→ **Exercise prompt**
Please give back the listing below word for word and drop any images.

→ **Extracted data**
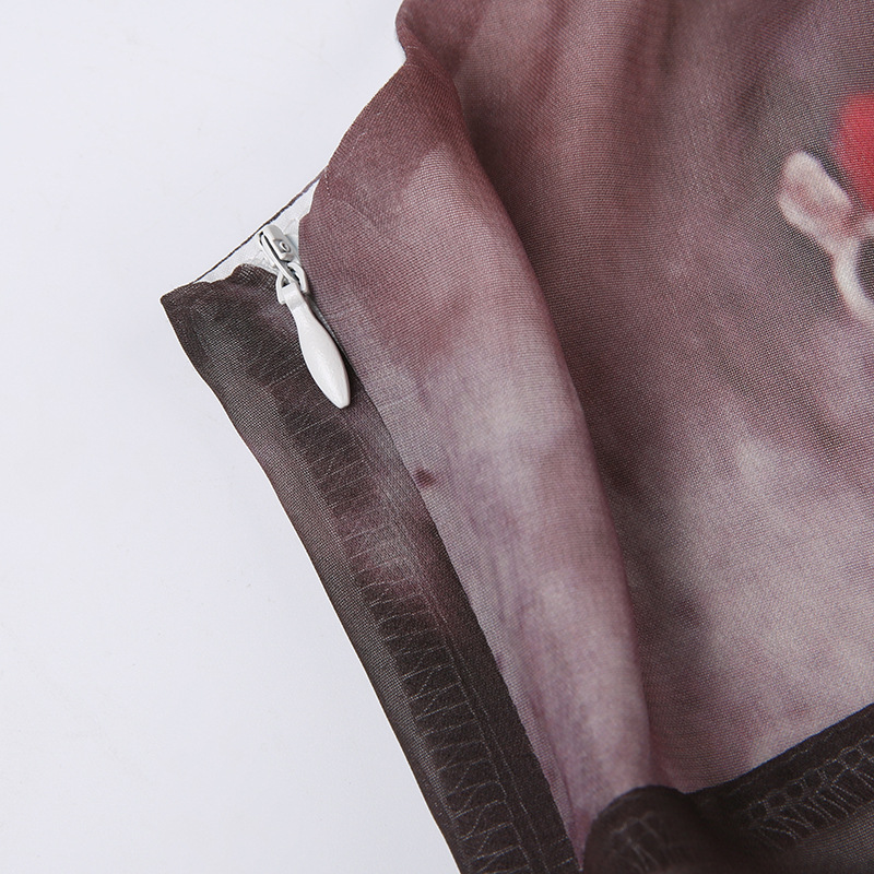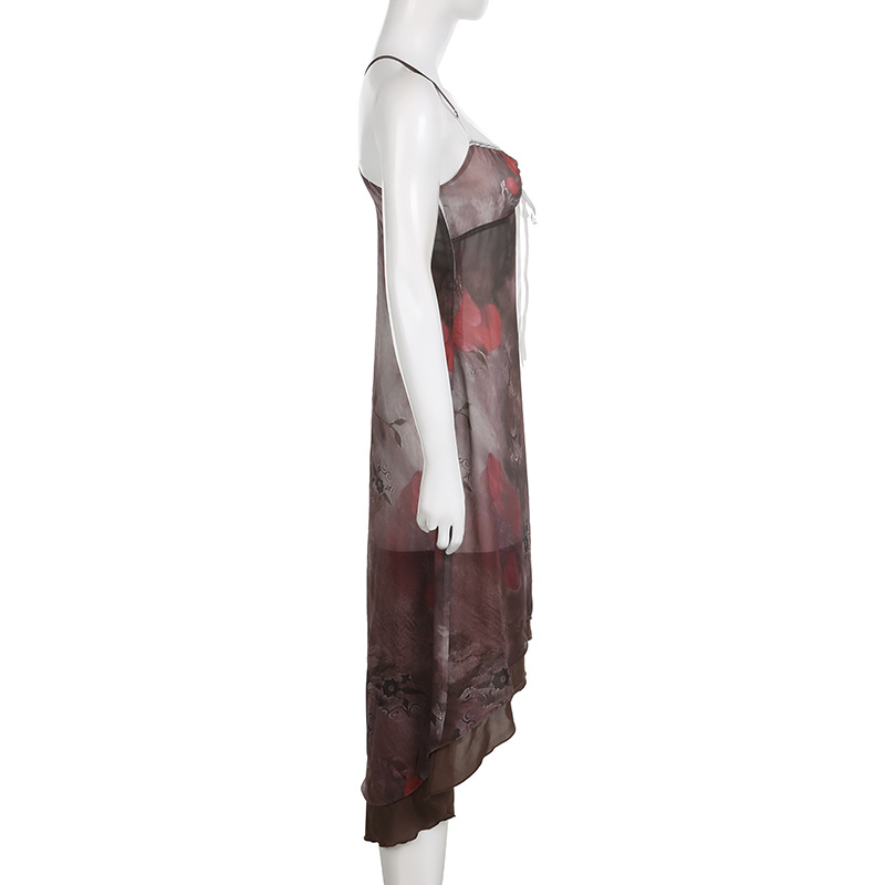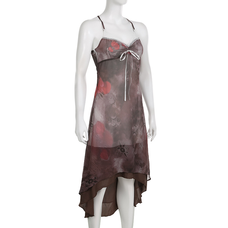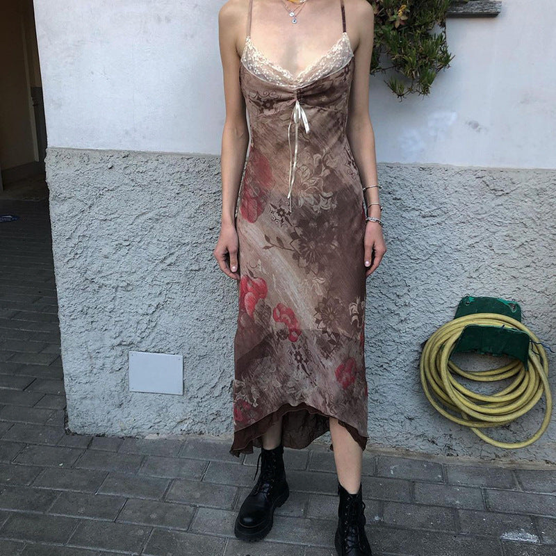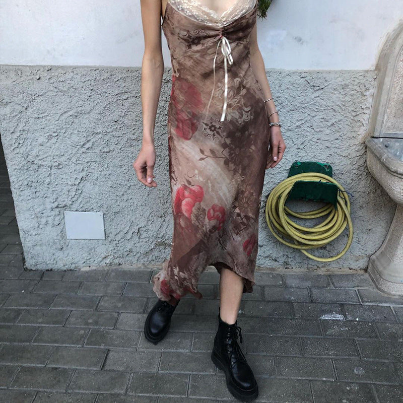 Sexy Lace Stitching Retro Printed Design Back Cross Strap Cami Dress
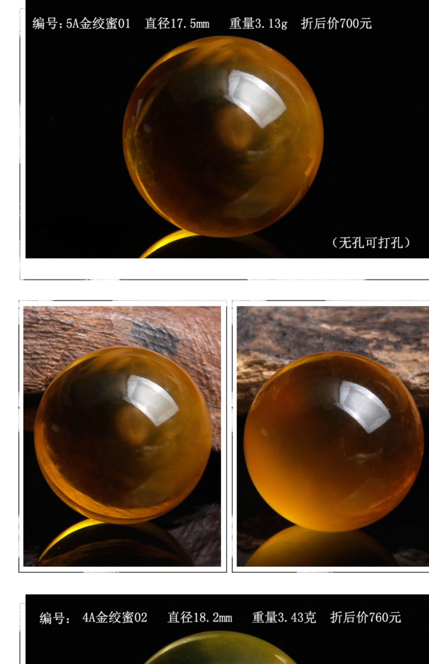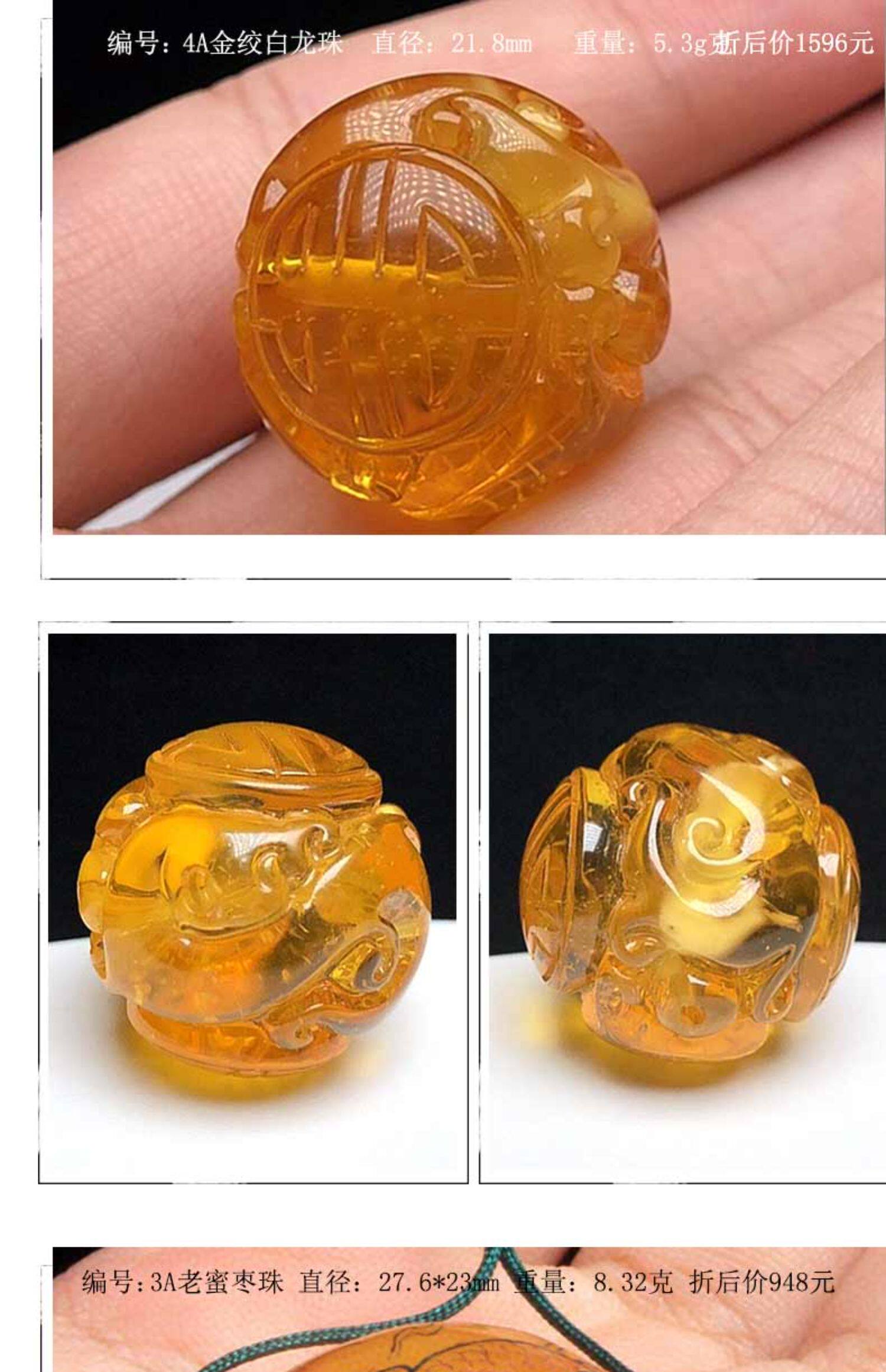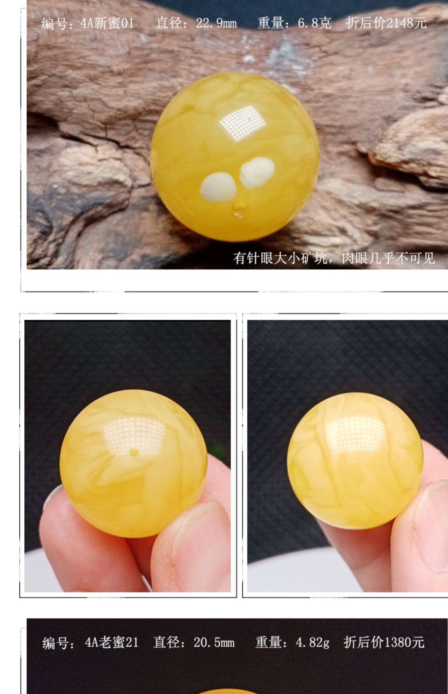 - 【4А золотой янтарь】22мм6,08г
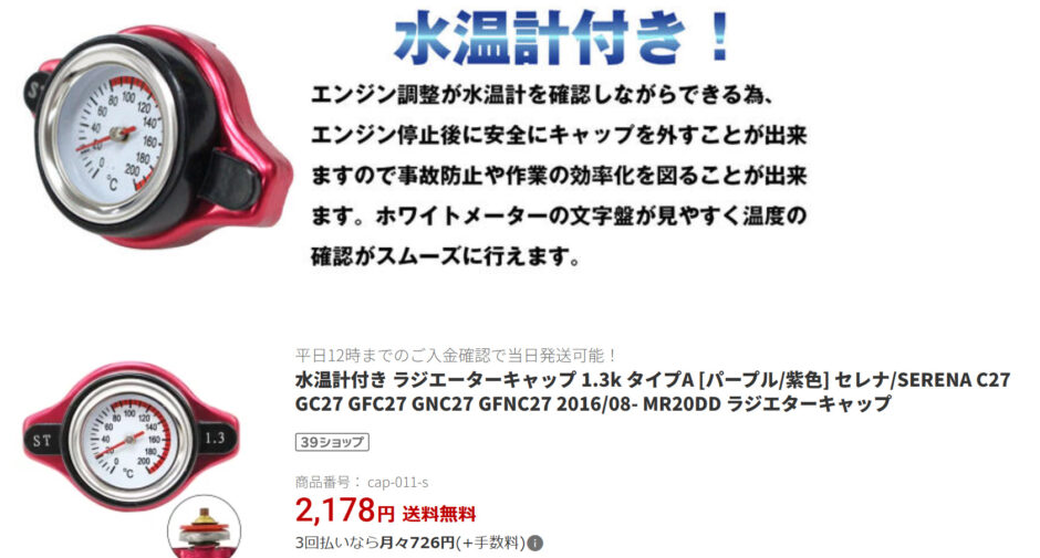 いわゆるラジエターキャップです。温度系付きの物があるのを知っていたので、今回はこれにしようとオーダーした訳です。
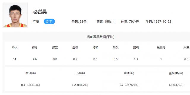 与上赛季相比,赵岩昊本赛季的场均数据大幅下降。上个赛季,他仍然可以在场均上做出贡献。 10.1 分 1.8 篮板 1.3 助攻,这个赛季只能得到。 4.4 分 0.5 助攻上下,投篮命中率,三分命中率都达不到。 4 成功。这种数据,显然达不到顶薪水平。为什么赵岩昊越来越低迷?主要原因是伤病、心理因素、战略地位低下。
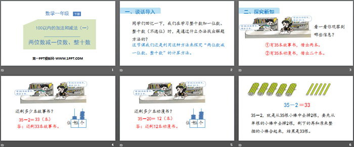 关键词:人教版一年级下册数学PPT课件免费下载,两位数减一位数整十数PPT下载,100以内的加法和减法PPT下载,.PPT格式;
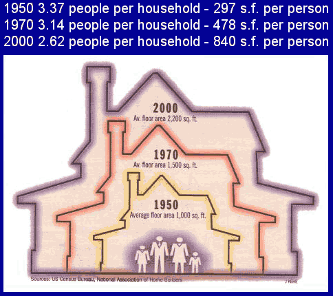 | 4x4abc Expert Date registered: Apr 2006 Location: La Paz, Baja California, Mexico Vehicle(s): 02 G500 Posts: 5917 ![]() | RE: G's and the environment... Well Joshua, you reminded me of a point that I wanted to make earlier - houses in the desert. Like in Arizona with a growth rate of cancer. Wind and solar will not satisfy the AC power demand theses houses have. And since nobody is building small houses any longer the demand of energy is truly ridiculous. I am tempted to compare that to your G55 argument - but I'll leave that alone. My point is - can we afford to constantly build more houses in the desert and why does everyone now need a 4000 sqft house? And I am not just talking. My Beverly Hills house had 2100 sqft. My new house in La Paz has 680. No TV, no living room (I'd rather be outside) no kitchen, do the cooking outside - just a comfortable bedroom, suitable office and cozy bathroom. (BuildingResourceUse1.gif) (HouseSquareFootChange.gif) Attachments ---------------- BuildingResourceUse1.gif (27KB - 82 downloads) HouseSquareFootChange.gif (36KB - 90 downloads) | ||
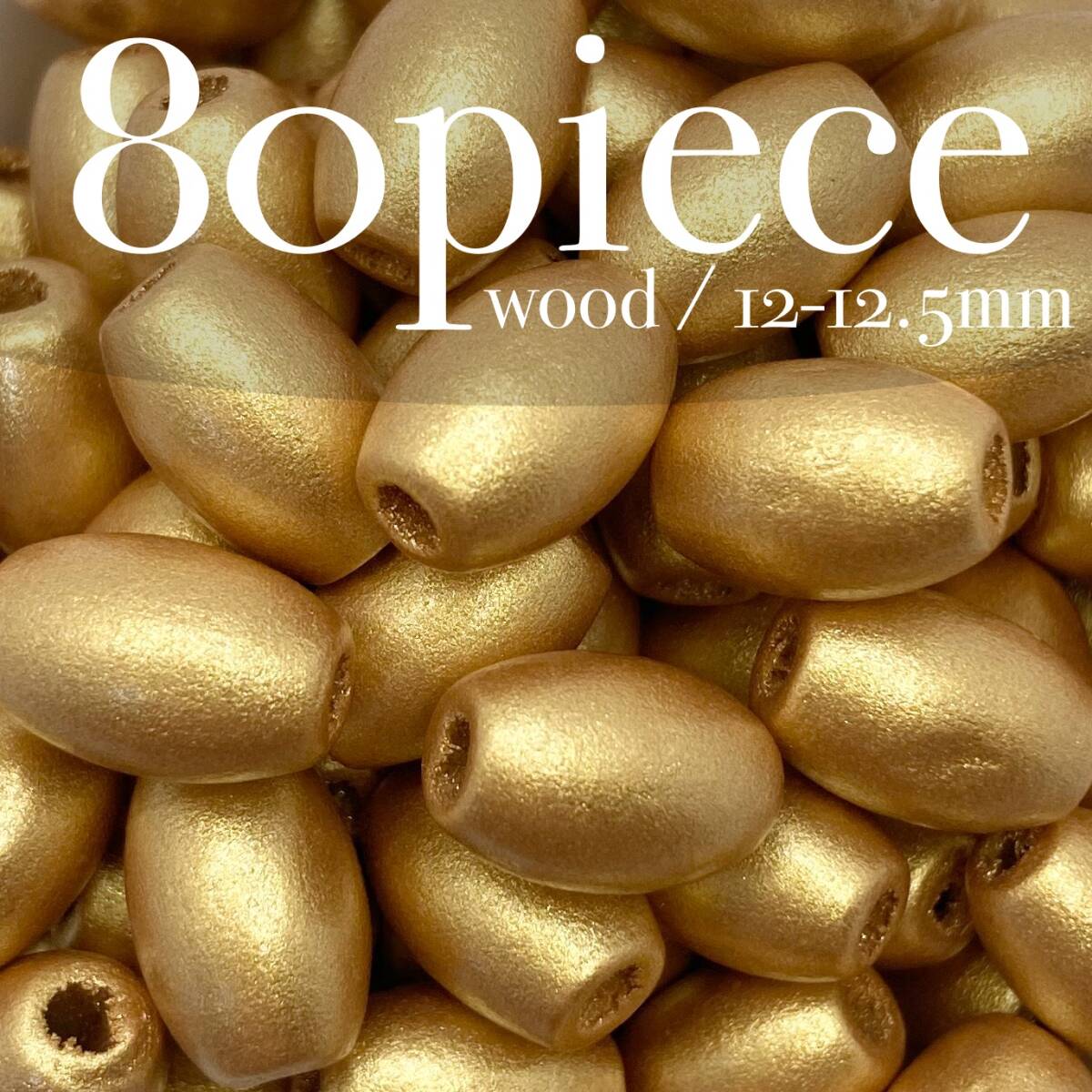 - WBG【 ウッドビーズ オーバル ゴールド 80piece 12-12.5mm 】セット 楕円 アソート 木製 素材 材料 ハンドメイド パーツ アクセサリー 大量

→ **Result**
 Sexy Lace Stitching Retro Printed Design Back Cross Strap Cami Dress
 - 【4А золотой янтарь】22мм6,08г
 いわゆるラジエターキャップです。温度系付きの物があるのを知っていたので、今回はこれにしようとオーダーした訳です。
 与上赛季相比,赵岩昊本赛季的场均数据大幅下降。上个赛季,他仍然可以在场均上做出贡献。 10.1 分 1.8 篮板 1.3 助攻,这个赛季只能得到。 4.4 分 0.5 助攻上下,投篮命中率,三分命中率都达不到。 4 成功。这种数据,显然达不到顶薪水平。为什么赵岩昊越来越低迷?主要原因是伤病、心理因素、战略地位低下。
 关键词:人教版一年级下册数学PPT课件免费下载,两位数减一位数整十数PPT下载,100以内的加法和减法PPT下载,.PPT格式;
 | 4x4abc Expert Date registered: Apr 2006 Location: La Paz, Baja California, Mexico Vehicle(s): 02 G500 Posts: 5917 ![]() | RE: G's and the environment... Well Joshua, you reminded me of a point that I wanted to make earlier - houses in the desert. Like in Arizona with a growth rate of cancer. Wind and solar will not satisfy the AC power demand theses houses have. And since nobody is building small houses any longer the demand of energy is truly ridiculous. I am tempted to compare that to your G55 argument - but I'll leave that alone. My point is - can we afford to constantly build more houses in the desert and why does everyone now need a 4000 sqft house? And I am not just talking. My Beverly Hills house had 2100 sqft. My new house in La Paz has 680. No TV, no living room (I'd rather be outside) no kitchen, do the cooking outside - just a comfortable bedroom, suitable office and cozy bathroom. (BuildingResourceUse1.gif) (HouseSquareFootChange.gif) Attachments ---------------- BuildingResourceUse1.gif (27KB - 82 downloads) HouseSquareFootChange.gif (36KB - 90 downloads) | ||
 - WBG【 ウッドビーズ オーバル ゴールド 80piece 12-12.5mm 】セット 楕円 アソート 木製 素材 材料 ハンドメイド パーツ アクセサリー 大量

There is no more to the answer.